No one can deny that the global pandemic has had a profound impact on consumer habits and has changed the way we shop, buy and consume. Most companies had no choice but to adapt their offerings and operations to survive and generate alternative income. The strange and difficult times in which we all lived and worked also saw the birth of new concepts, new companies and even new industries.
One industry that has exploded in popularity since the start of the pandemic is the virtual restaurant industry, driven by the demand for home meals and food delivery services. A virtual restaurant does not provide customers with dining options, but works solely by offering delivery or takeout through online ordering and third-party apps, allowing customers to enjoy restaurant-quality food in the comfort of their own home. A virtual restaurant may rely on an already established restaurant business, sharing kitchen space but offering a different (often niche) menu specifically for delivery and as a visible and very distinct brand in its own right. Or they can operate out of a space often known as a “ghost”, “dark” or “cloud” kitchen where the sole purpose of the corporate spaces is as a meal preparation hub for the virtual restaurant and from which orders are shipped.
With the proliferation of the virtual restaurant, virtual restaurant brands are now making waves in the franchise world – either as an offshoot of an existing restaurant franchise chain or as a brand new virtual franchise brand.
Many established restaurant diner franchise brands have quickly recognized the huge potential of the virtual restaurant brand. They and their franchisees already have the physical buildings, kitchen and staff, as well as commercial expertise, but most have experienced a rollercoaster ride in recent years due to the pandemic and other pressures, such as supply chain issues. Having the ability to explore new opportunities to increase sales using their existing premises, team and know-how with relatively little additional capital investment is an attractive proposition for both existing and new franchisees.
An example of this is Dickey’s Barbecue Pit, the fast-casual barbecue franchise brand that began in 1941 in Dallas, Texas. Dickey’s first launched their delivery concept Wing Boss in December 2020 as a strategy to support their existing franchisees during the pandemic and provide them with additional potential revenue stream. This proved so successful that it was followed by the launch virtual brand Big Deal Burger, to which Laura Rea Dickey, CEO, said: “Dickey’s is actively creating innovative opportunities for our owner/operators to generate additional revenue. After seeing success with our first virtual brand, Wing Boss, we started exploring other delivery-only concept ideas. Big Deal Burger makes perfect sense to us. Our franchisees already have the right equipment to run it, so it’s a convenient way to take advantage of the growing supply trend”
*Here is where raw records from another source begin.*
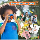 •CLEARER MOMENT RECORDED & MULTI-SCENE SELECTIONS: Equipped with auto Focus, 8.0 Mega pixels and 1080P Video. Greatly improved the definition of photos . Catch the wonderful joy moment for boys or girls. With Big head sticker shooting, children can take photos with frames, leave some hilarious photos with family or friends •UPGRADED DESIGN: Upgraded to dual-camera configuration, Easy to take selfies. Just open the switch key to enjoy the fun of taking photos. Include a portable lanyard hang, easy to carry and moving. Includes a video recorder and voice recorder for more creative ways to play •POWERFUL BATTERY LIFE: Continuously taking photos for 1-2 hours after full charged! Come with 1 x USB data line & 1 x 32 GB SD card to store thousands of photo •SAFE & SHOCKPROOF: This camera is used high quality soft plastic,more safe and comfortable for children’s skin. Shockproof shell provides effective anti-fall protection CHRISTMAS TOY FOR KIDS: Birthday, festival ,holiday gifts for boys and girls aged 3-10. Children love taking photo with extremely cute camera. Simply capture scene or animals on nature with family, experience the fun from nature. First step to develop kids as a talented photographer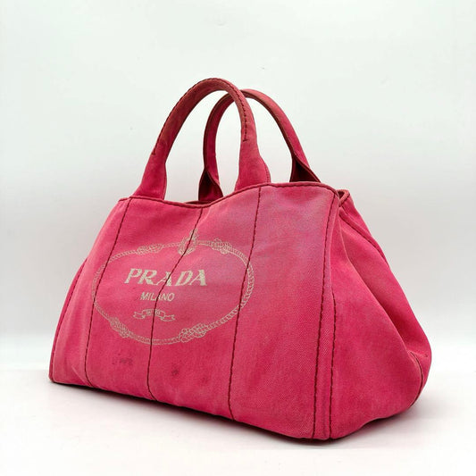 Prada Tote Bag Canapa Triangle Logo Plate Canvas Pink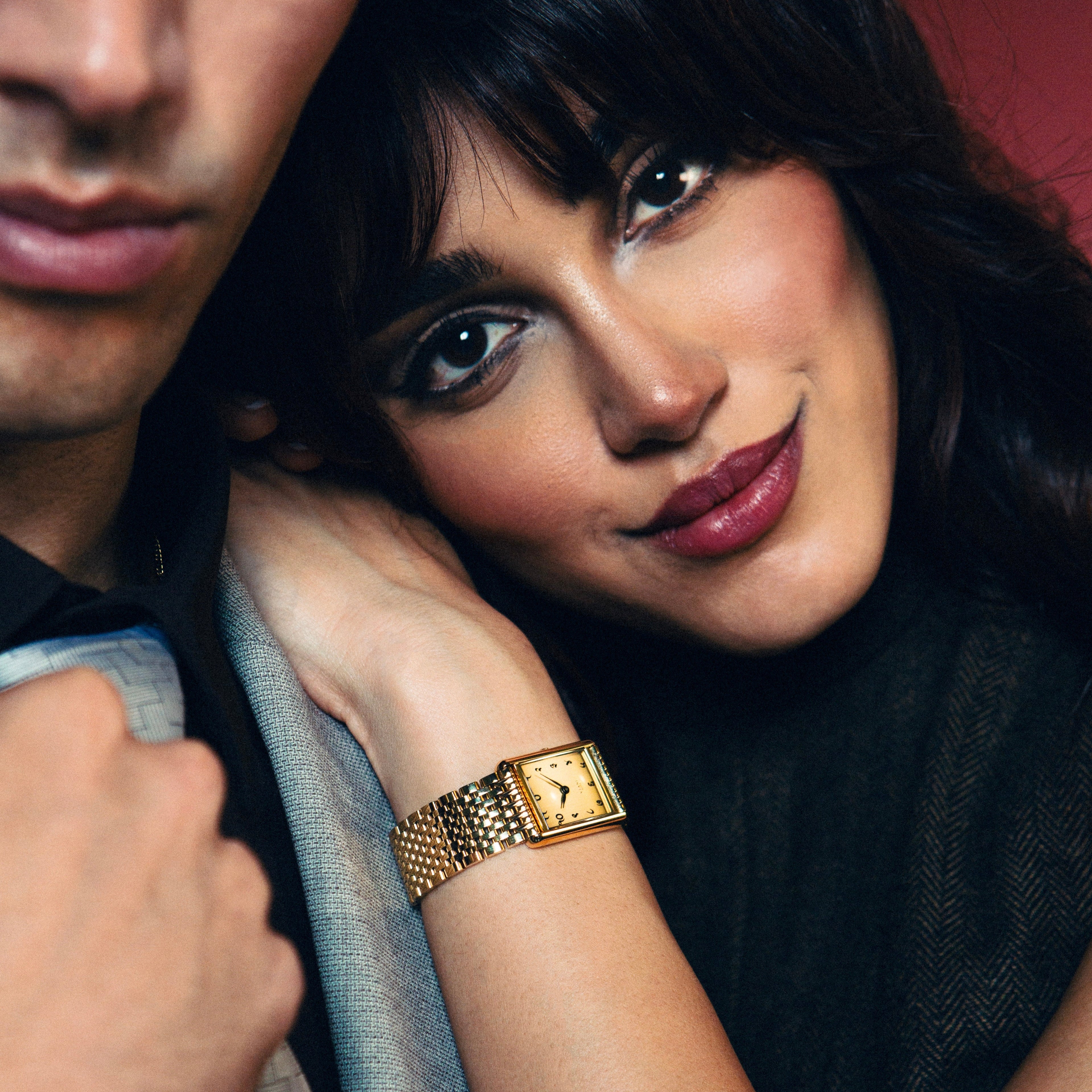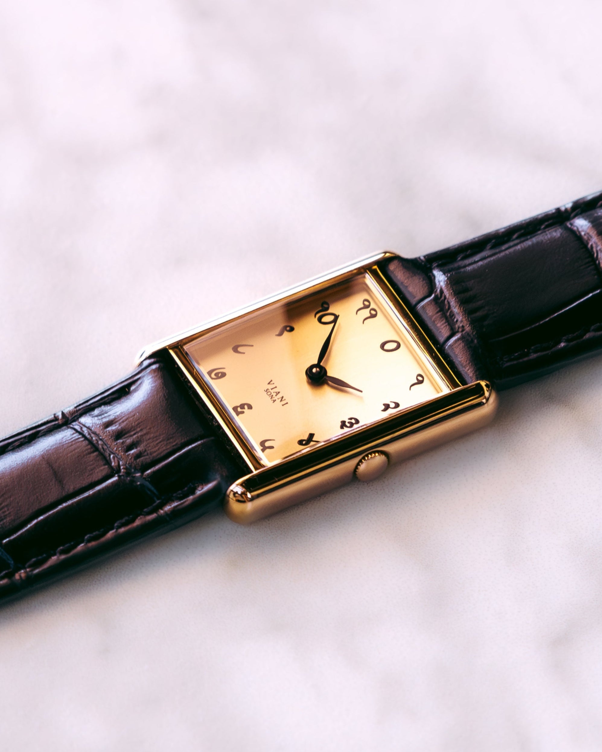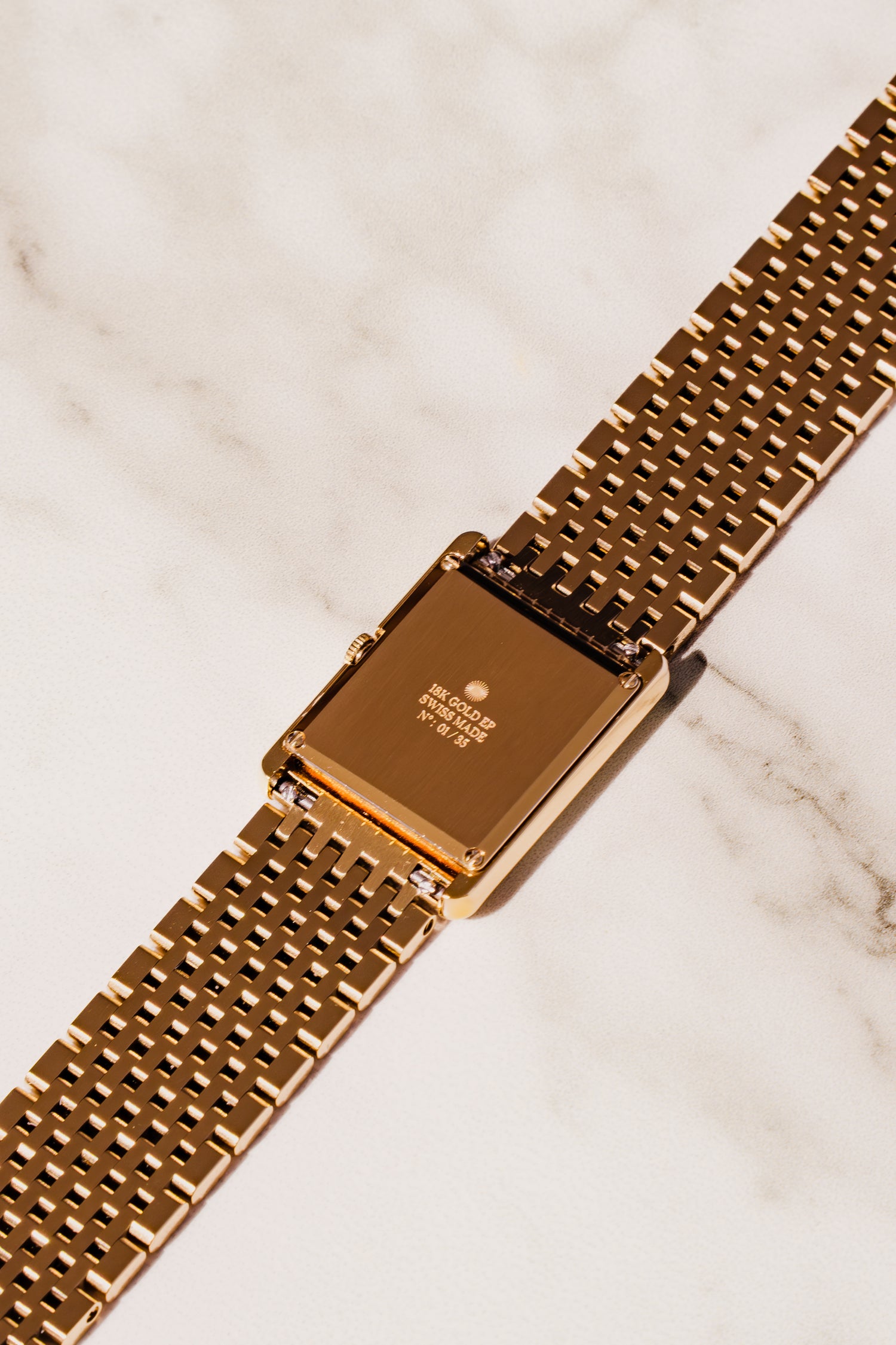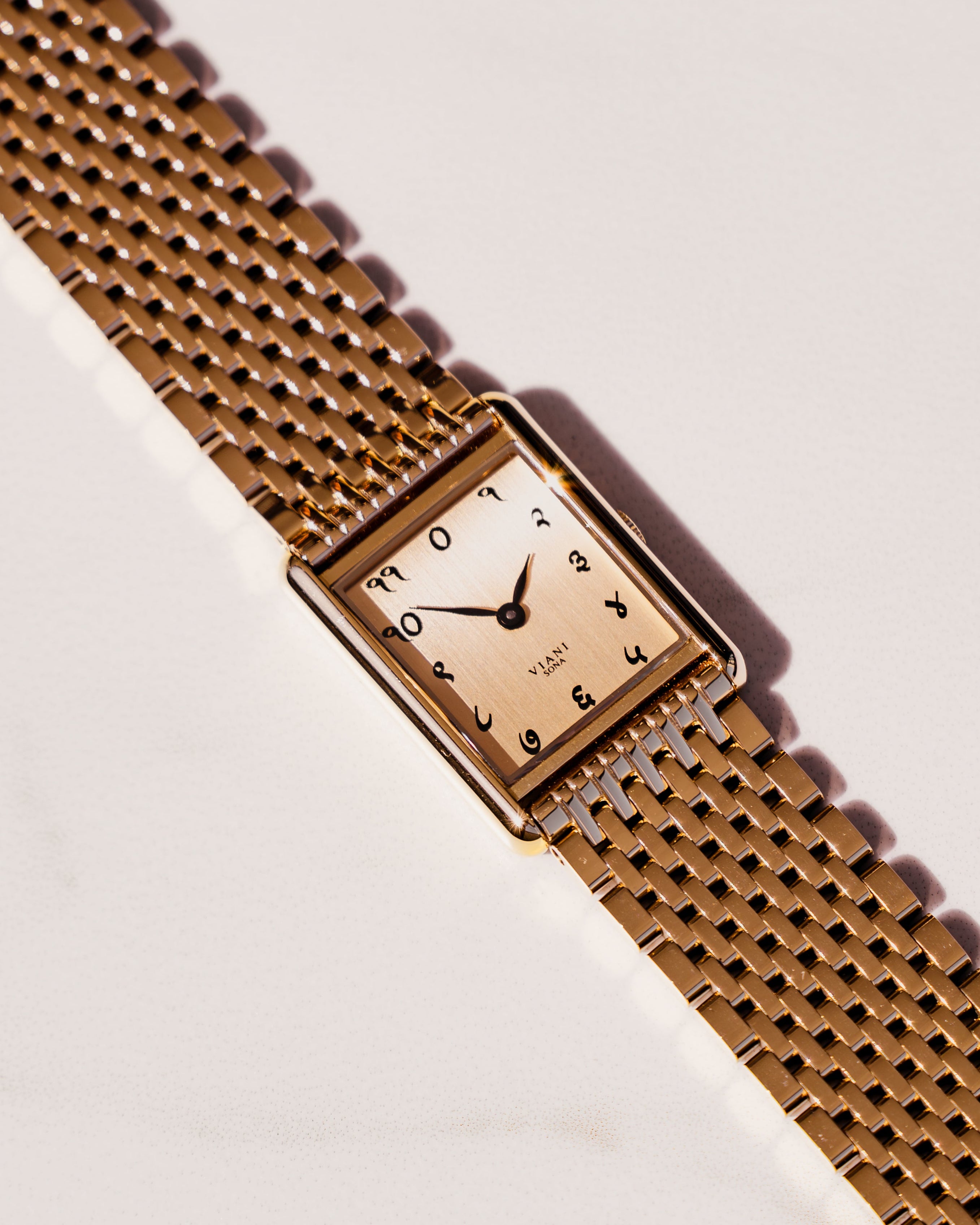 - Dial: Vertically Brushed 18k Gold EP on 316L SS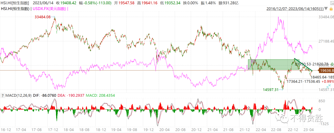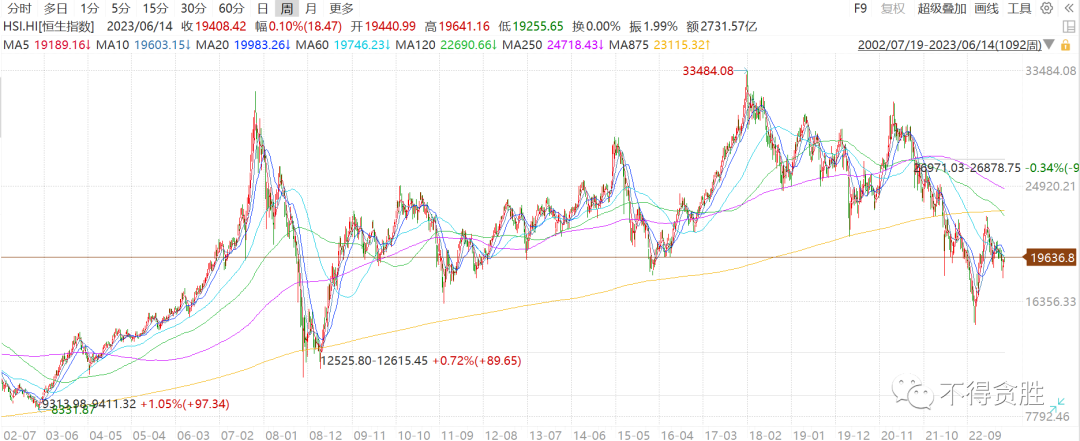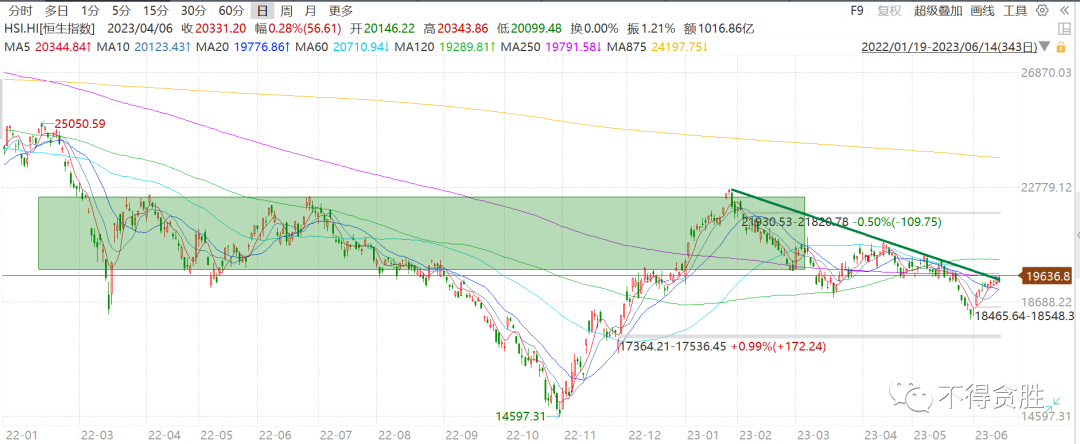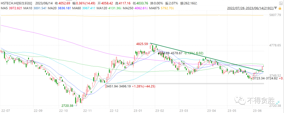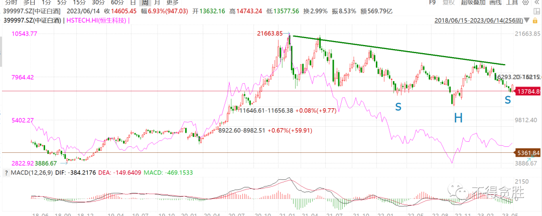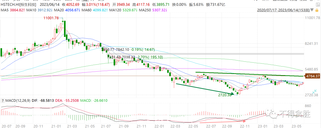 恒生科技底部钝化以后,有望周线金叉,且距离颈线有15%+。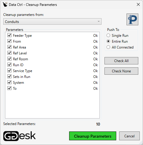 Data Ctrl automatically pushes parametric information through the entire MEP network, maintaining up-to-date parameter values as you modify the network's elements. For electrical networks such as conduits and cable trays, Data Ctrl pushes the parameter values to the Run Schedule. If any changes are made to the Run Schedule, they are transferred accordingly to the conduit or cable tray network.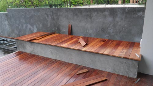 ฝาปิดบ่อกรอง ผมทำเป็นแท่นนั่ง เปิดปิดแผ่นไม้ได้ อันนี้ก็ปูชิดและทาสีย้อม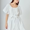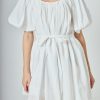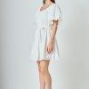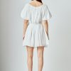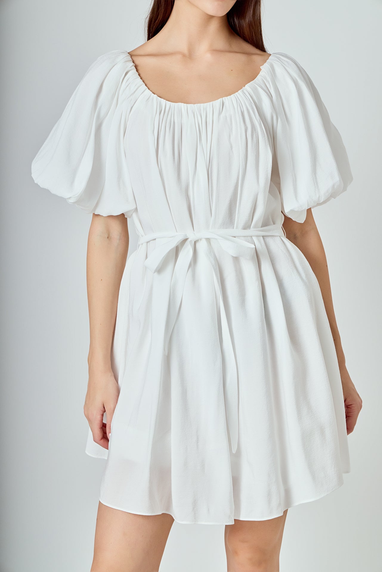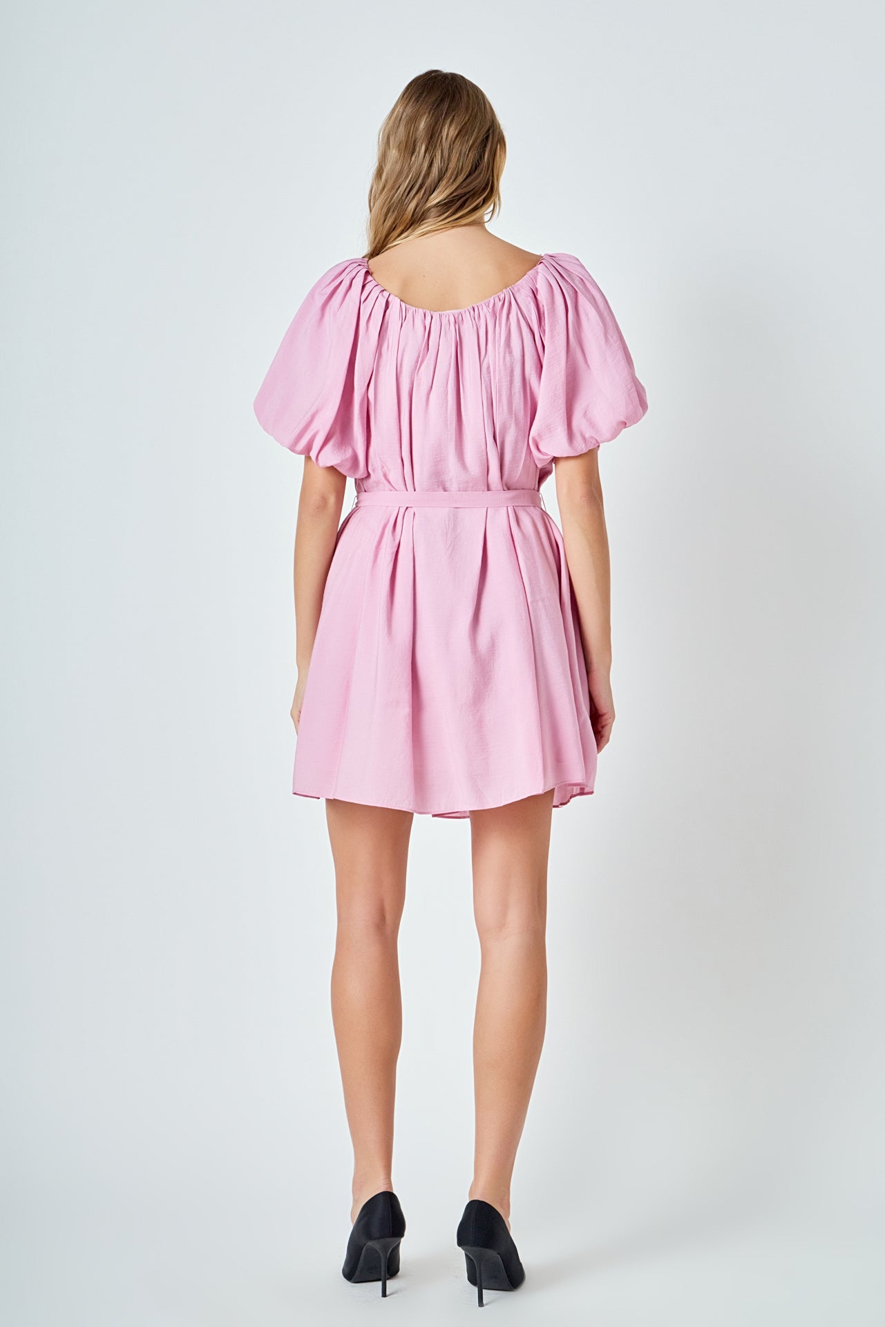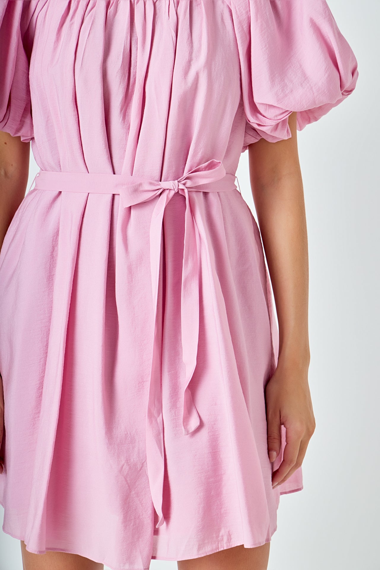 Endless Rose Women’s Dresses Pleated Detail Puff Sleeve Mini Dress | White|pink
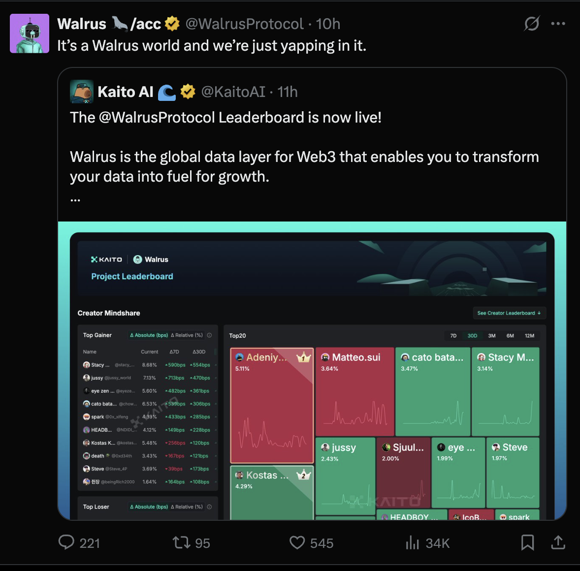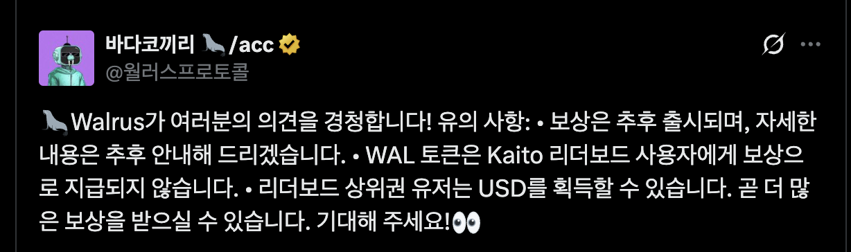 요새 이야기가 다시 나오고 있는 왈러스 다시 한번 들여다보려고 합니다. 저는 원래도 왈러스 스테이킹 작업을 하고 있었는데, 지금 카이토에서 왈러스 리더보드가 갑자기 올라오게 되어 핫해진 것 같습니다.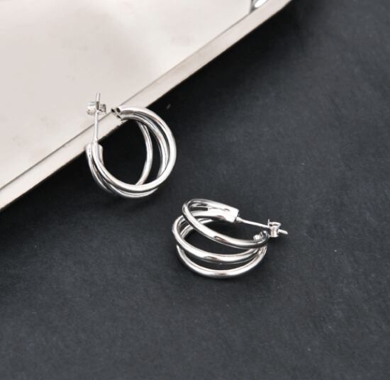 フープピアス レディース アクセサリー ピアス 三連 シルバー メタル 銀 シンプル スタイリッシュ きれいめ エレガント カジュアル おしゃれ ファッション オフィス お呼ばれ パーティー ピアス

Big Deal Burger has since been followed by Trailer Bird, a hot chicken offering. And, when the circle is complete, Wing Boss launched its first physical location in Texas in late summer 2021 and is now available as a virtual franchise offering to new franchisees from outside the Dickey’s network.
Standalone virtual restaurant franchises, also known as “ghost franchises”, are now also hitting the market – often with some force! MrBeast is a famous YouTuber who launched the virtual brand Mr BeastBurger in December 2020 and announced that he was launching three hundred restaurant franchises overnight. The model invites existing independent restauranteurs to take on a Mr BeastBurger franchise to complement their existing kitchen business, giving the new franchisee the advantage of celebrity exposure and strong brokered deals with third-party delivery apps to quickly fulfill orders. let it roll in. And even without celebrity endorsement, the ease and speed with which a partner kitchen can adopt and launch a virtual franchise brand makes it an extremely compelling proposition for the business owner looking to expand quickly and generate additional revenue, often with the freedom to create multiple virtual brands, subject to the terms of the agreement.
The lower startup costs generally associated with a virtual franchise mean that a relatively new brand can enter the franchise market and scale quickly, offering its franchisees a seemingly lower risk investment than a traditional brick-and-mortar franchise. However, as an industry still in its infancy, the jury is still out on whether virtual restaurant franchises have the staying power to be a good long-term investment. Will they prove to be a flash in the pan, or is there room for both virtual and traditional restaurant franchises in these post-pandemic times?